_Task requirements_
Pictures excluded, please retype exactly the lines from the start of the data through the line that contains "Druhý den byla", both ends kept, and nothing beyond them.
[Opening Dataset section]
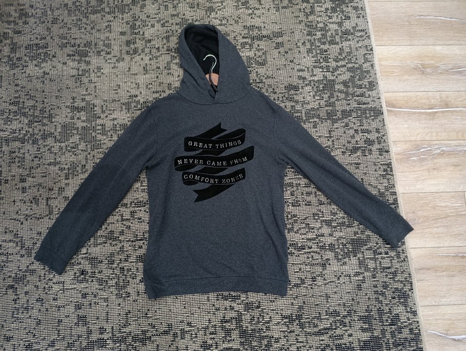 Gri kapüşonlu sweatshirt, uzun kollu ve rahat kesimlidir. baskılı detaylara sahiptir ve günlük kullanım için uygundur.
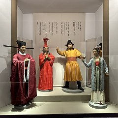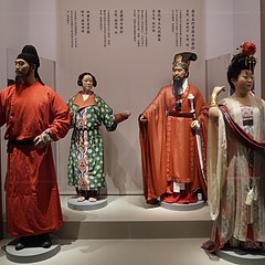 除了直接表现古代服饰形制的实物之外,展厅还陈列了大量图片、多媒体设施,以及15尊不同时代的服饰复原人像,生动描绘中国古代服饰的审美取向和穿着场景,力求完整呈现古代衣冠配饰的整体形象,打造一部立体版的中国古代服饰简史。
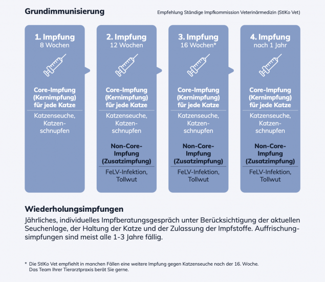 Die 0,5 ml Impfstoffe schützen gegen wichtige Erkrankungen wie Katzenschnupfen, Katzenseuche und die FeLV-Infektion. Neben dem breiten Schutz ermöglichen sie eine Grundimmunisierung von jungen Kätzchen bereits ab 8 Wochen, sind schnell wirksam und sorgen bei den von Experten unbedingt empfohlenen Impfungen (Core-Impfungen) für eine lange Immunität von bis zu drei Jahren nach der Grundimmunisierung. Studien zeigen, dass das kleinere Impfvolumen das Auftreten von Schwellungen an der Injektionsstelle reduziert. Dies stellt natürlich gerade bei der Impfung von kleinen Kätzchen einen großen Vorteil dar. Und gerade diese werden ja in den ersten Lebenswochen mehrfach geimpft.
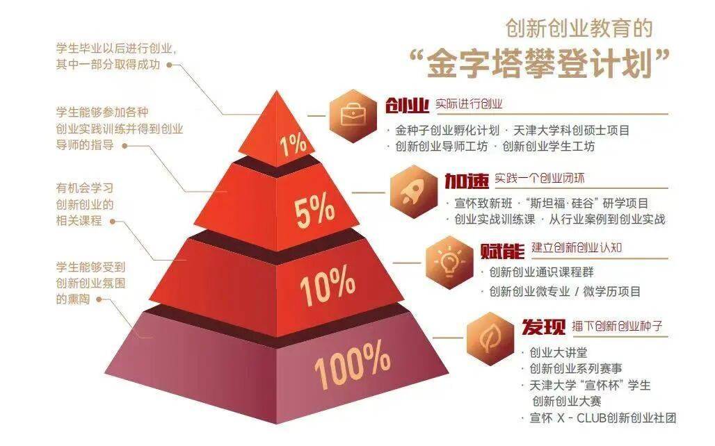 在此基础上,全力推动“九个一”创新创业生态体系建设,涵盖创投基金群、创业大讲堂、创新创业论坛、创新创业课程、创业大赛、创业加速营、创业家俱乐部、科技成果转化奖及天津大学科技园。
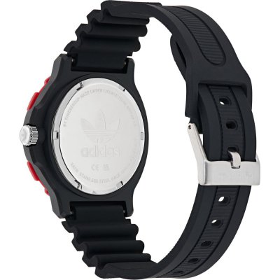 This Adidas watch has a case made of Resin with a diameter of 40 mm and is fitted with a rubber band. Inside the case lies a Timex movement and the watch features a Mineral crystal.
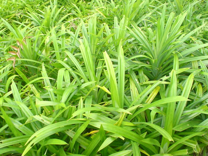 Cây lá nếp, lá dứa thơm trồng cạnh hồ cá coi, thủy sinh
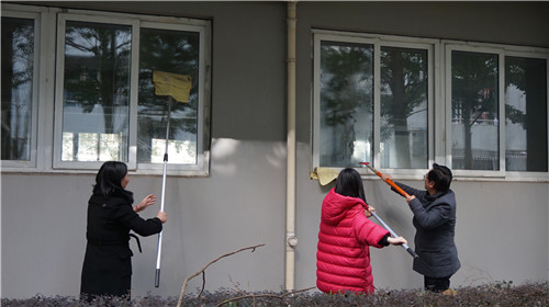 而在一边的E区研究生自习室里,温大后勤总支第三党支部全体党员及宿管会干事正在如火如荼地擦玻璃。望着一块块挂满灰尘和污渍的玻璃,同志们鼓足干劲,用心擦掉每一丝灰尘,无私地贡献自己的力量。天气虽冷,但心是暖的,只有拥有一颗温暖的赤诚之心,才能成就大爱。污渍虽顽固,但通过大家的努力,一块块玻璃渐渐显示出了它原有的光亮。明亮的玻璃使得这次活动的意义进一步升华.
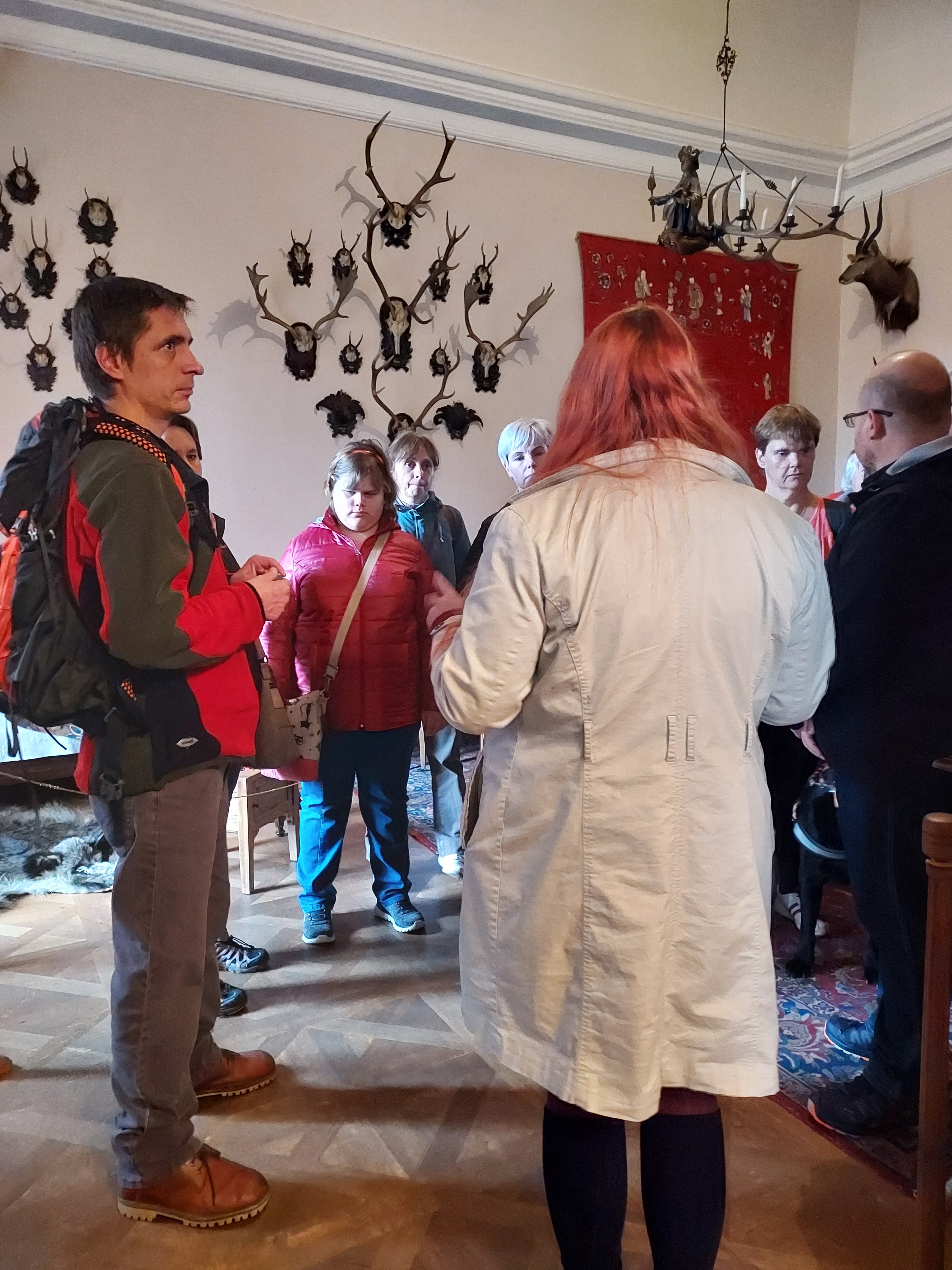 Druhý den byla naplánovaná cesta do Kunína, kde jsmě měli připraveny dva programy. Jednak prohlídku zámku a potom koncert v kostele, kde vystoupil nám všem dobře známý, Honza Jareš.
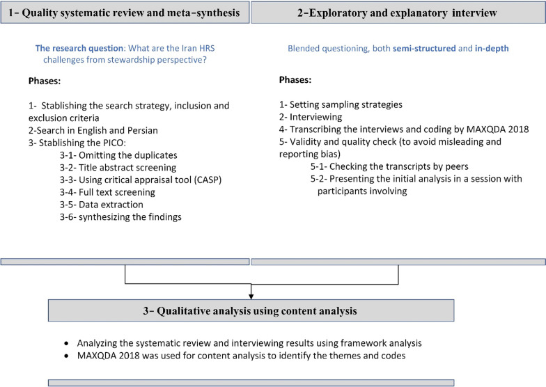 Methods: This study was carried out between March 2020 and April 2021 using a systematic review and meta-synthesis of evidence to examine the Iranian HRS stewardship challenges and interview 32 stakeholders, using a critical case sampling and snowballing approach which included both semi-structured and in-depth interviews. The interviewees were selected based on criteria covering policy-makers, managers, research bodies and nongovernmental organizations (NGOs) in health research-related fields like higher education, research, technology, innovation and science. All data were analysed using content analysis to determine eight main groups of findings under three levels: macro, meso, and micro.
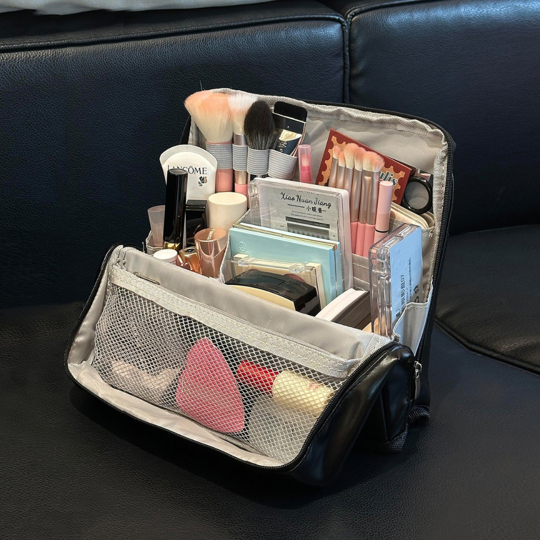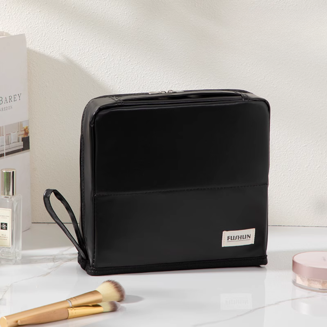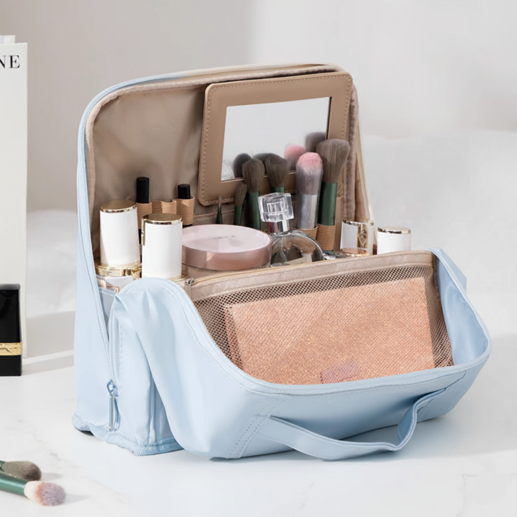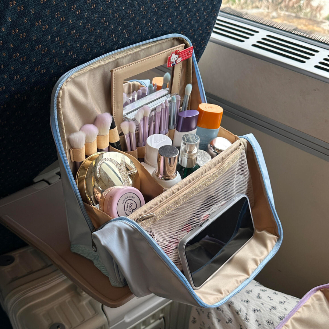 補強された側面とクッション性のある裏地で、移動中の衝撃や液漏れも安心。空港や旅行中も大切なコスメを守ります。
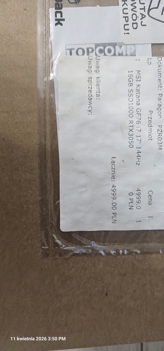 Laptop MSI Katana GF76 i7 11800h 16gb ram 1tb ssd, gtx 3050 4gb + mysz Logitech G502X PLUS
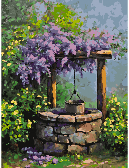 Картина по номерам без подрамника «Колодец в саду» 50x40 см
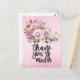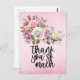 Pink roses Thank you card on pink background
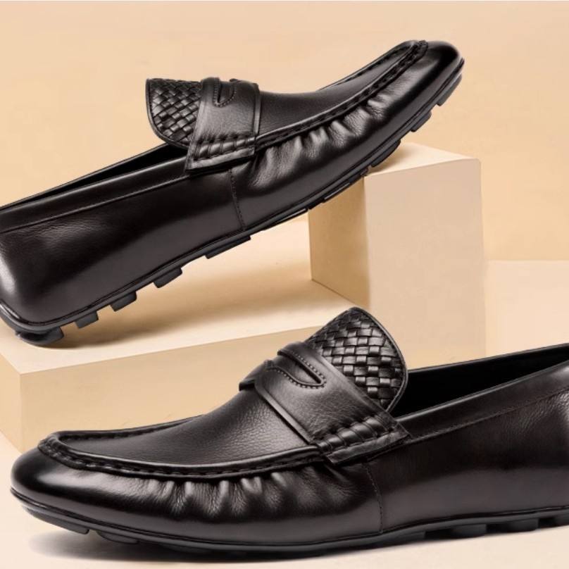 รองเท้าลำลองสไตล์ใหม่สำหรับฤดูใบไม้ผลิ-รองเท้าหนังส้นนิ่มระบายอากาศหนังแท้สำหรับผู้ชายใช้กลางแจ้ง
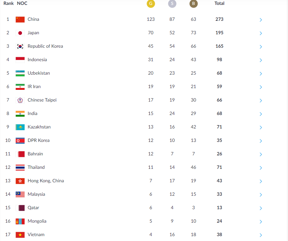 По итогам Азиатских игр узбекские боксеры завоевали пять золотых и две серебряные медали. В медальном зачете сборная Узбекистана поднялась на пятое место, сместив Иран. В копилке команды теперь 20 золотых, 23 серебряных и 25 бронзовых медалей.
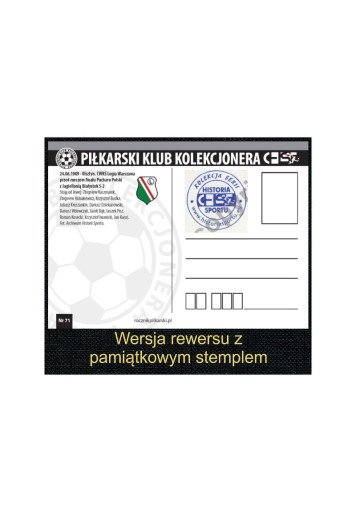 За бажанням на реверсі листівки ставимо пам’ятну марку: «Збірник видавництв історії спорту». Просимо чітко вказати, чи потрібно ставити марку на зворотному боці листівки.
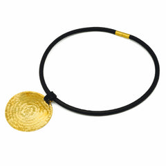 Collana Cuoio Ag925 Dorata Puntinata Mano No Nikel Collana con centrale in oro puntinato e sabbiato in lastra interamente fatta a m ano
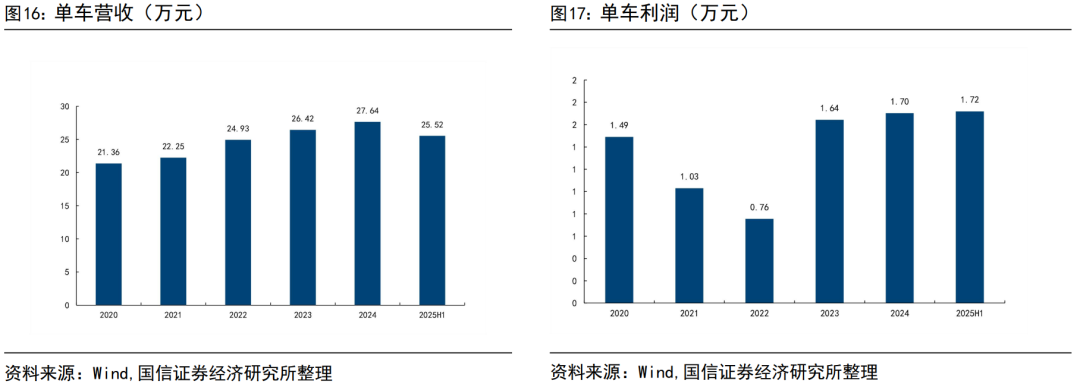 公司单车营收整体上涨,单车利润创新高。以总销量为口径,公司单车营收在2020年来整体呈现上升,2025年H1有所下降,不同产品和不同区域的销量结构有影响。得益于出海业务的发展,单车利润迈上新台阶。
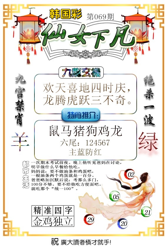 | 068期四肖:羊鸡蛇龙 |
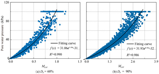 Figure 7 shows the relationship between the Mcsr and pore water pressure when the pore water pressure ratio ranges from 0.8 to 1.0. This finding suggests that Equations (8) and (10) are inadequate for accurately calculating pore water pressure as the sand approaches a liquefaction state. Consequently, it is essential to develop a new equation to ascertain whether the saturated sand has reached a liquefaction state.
[Closing Dataset section]
_Output below_
 Gri kapüşonlu sweatshirt, uzun kollu ve rahat kesimlidir. baskılı detaylara sahiptir ve günlük kullanım için uygundur.
 除了直接表现古代服饰形制的实物之外,展厅还陈列了大量图片、多媒体设施,以及15尊不同时代的服饰复原人像,生动描绘中国古代服饰的审美取向和穿着场景,力求完整呈现古代衣冠配饰的整体形象,打造一部立体版的中国古代服饰简史。
 Die 0,5 ml Impfstoffe schützen gegen wichtige Erkrankungen wie Katzenschnupfen, Katzenseuche und die FeLV-Infektion. Neben dem breiten Schutz ermöglichen sie eine Grundimmunisierung von jungen Kätzchen bereits ab 8 Wochen, sind schnell wirksam und sorgen bei den von Experten unbedingt empfohlenen Impfungen (Core-Impfungen) für eine lange Immunität von bis zu drei Jahren nach der Grundimmunisierung. Studien zeigen, dass das kleinere Impfvolumen das Auftreten von Schwellungen an der Injektionsstelle reduziert. Dies stellt natürlich gerade bei der Impfung von kleinen Kätzchen einen großen Vorteil dar. Und gerade diese werden ja in den ersten Lebenswochen mehrfach geimpft.
 在此基础上,全力推动“九个一”创新创业生态体系建设,涵盖创投基金群、创业大讲堂、创新创业论坛、创新创业课程、创业大赛、创业加速营、创业家俱乐部、科技成果转化奖及天津大学科技园。
 This Adidas watch has a case made of Resin with a diameter of 40 mm and is fitted with a rubber band. Inside the case lies a Timex movement and the watch features a Mineral crystal.
 Cây lá nếp, lá dứa thơm trồng cạnh hồ cá coi, thủy sinh
 而在一边的E区研究生自习室里,温大后勤总支第三党支部全体党员及宿管会干事正在如火如荼地擦玻璃。望着一块块挂满灰尘和污渍的玻璃,同志们鼓足干劲,用心擦掉每一丝灰尘,无私地贡献自己的力量。天气虽冷,但心是暖的,只有拥有一颗温暖的赤诚之心,才能成就大爱。污渍虽顽固,但通过大家的努力,一块块玻璃渐渐显示出了它原有的光亮。明亮的玻璃使得这次活动的意义进一步升华.
 Druhý den byla naplánovaná cesta do Kunína, kde jsmě měli připraveny dva programy. Jednak prohlídku zámku a potom koncert v kostele, kde vystoupil nám všem dobře známý, Honza Jareš.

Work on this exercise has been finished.